### [Directions]
Every line from the one holding "شکل (۲): سلسله‌مراتب" through the one holding "Bussiliini nr 65" in the data below must be returned exactly, both ends included, with pictures left out and nothing else added.

[Stored items from a collection]

• • •

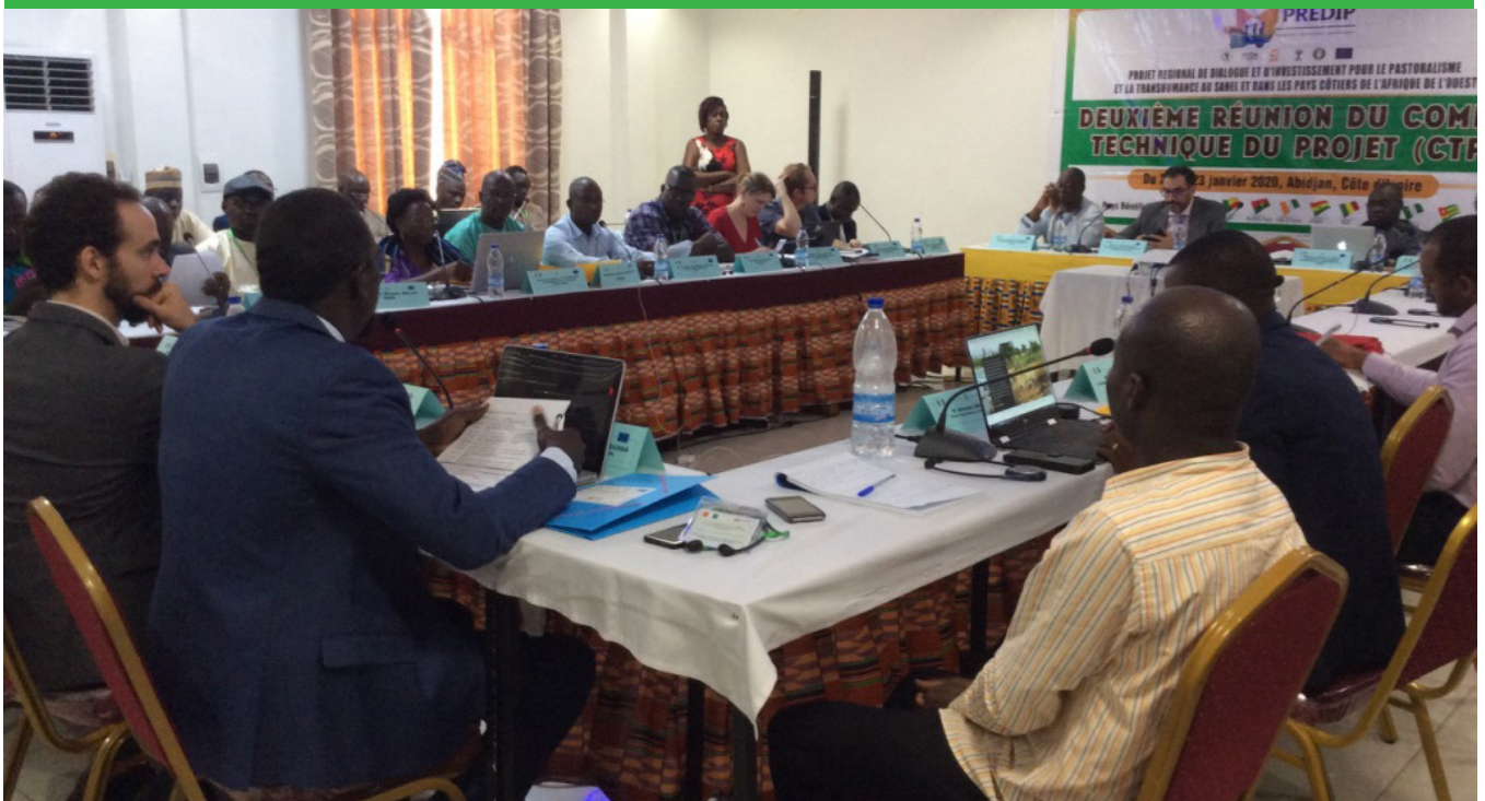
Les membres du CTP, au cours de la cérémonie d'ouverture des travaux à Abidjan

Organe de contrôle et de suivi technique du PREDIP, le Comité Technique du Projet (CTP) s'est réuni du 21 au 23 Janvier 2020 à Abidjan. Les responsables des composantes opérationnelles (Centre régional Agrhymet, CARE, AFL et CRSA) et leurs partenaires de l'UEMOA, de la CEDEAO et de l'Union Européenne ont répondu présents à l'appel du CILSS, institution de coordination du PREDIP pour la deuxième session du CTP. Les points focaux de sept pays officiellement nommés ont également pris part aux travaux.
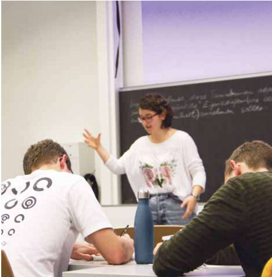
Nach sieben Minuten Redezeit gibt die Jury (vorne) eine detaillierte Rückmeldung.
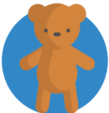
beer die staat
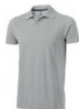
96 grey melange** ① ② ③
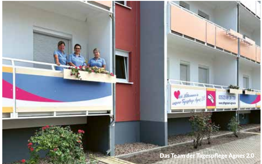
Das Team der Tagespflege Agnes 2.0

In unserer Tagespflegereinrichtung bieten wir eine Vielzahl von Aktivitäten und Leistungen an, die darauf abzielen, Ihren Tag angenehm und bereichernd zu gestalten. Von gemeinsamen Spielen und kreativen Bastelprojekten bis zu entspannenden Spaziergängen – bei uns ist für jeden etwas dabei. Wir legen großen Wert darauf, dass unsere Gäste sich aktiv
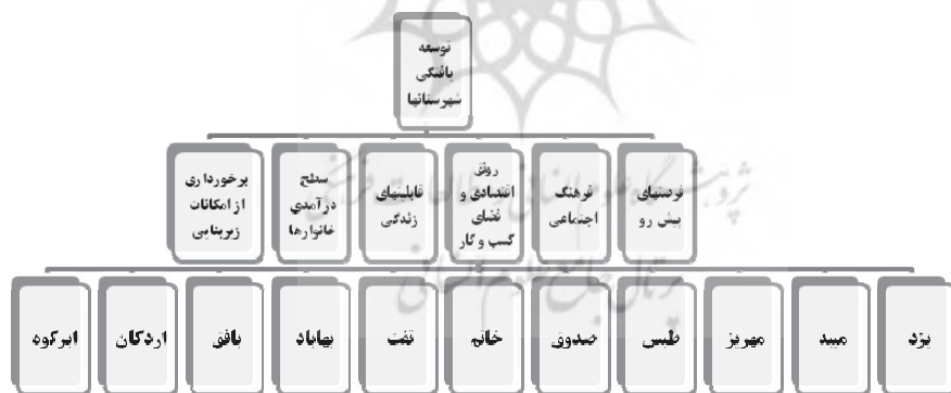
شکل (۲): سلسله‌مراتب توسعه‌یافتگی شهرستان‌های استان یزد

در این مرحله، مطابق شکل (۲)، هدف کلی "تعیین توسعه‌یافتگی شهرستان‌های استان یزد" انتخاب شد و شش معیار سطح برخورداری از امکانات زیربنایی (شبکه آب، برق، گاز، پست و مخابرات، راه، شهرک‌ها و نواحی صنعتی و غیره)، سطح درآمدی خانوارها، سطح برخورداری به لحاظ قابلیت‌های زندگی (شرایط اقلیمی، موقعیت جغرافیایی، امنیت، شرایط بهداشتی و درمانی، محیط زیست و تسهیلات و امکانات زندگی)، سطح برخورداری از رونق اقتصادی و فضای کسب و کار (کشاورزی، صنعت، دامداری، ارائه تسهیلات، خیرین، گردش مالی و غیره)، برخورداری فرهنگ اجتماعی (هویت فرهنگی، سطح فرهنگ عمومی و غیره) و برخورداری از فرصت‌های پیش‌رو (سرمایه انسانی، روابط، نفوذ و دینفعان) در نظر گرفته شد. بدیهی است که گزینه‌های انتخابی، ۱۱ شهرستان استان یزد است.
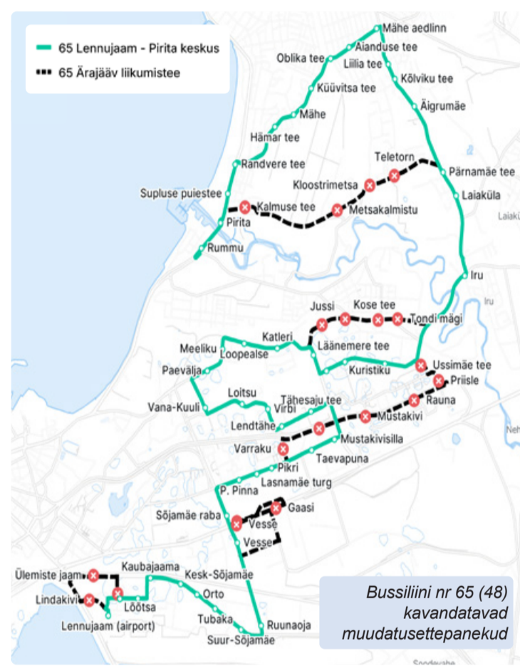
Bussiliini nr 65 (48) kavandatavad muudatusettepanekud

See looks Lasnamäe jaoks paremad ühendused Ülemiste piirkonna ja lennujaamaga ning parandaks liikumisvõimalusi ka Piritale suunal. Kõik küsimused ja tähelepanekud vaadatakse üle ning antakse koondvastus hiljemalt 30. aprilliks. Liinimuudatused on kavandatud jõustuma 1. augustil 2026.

• • •

### [Output for this task]
شکل (۲): سلسله‌مراتب توسعه‌یافتگی شهرستان‌های استان یزد

در این مرحله، مطابق شکل (۲)، هدف کلی "تعیین توسعه‌یافتگی شهرستان‌های استان یزد" انتخاب شد و شش معیار سطح برخورداری از امکانات زیربنایی (شبکه آب، برق، گاز، پست و مخابرات، راه، شهرک‌ها و نواحی صنعتی و غیره)، سطح درآمدی خانوارها، سطح برخورداری به لحاظ قابلیت‌های زندگی (شرایط اقلیمی، موقعیت جغرافیایی، امنیت، شرایط بهداشتی و درمانی، محیط زیست و تسهیلات و امکانات زندگی)، سطح برخورداری از رونق اقتصادی و فضای کسب و کار (کشاورزی، صنعت، دامداری، ارائه تسهیلات، خیرین، گردش مالی و غیره)، برخورداری فرهنگ اجتماعی (هویت فرهنگی، سطح فرهنگ عمومی و غیره) و برخورداری از فرصت‌های پیش‌رو (سرمایه انسانی، روابط، نفوذ و دینفعان) در نظر گرفته شد. بدیهی است که گزینه‌های انتخابی، ۱۱ شهرستان استان یزد است.
Bussiliini nr 65 (48) kavandatavad muudatusettepanekud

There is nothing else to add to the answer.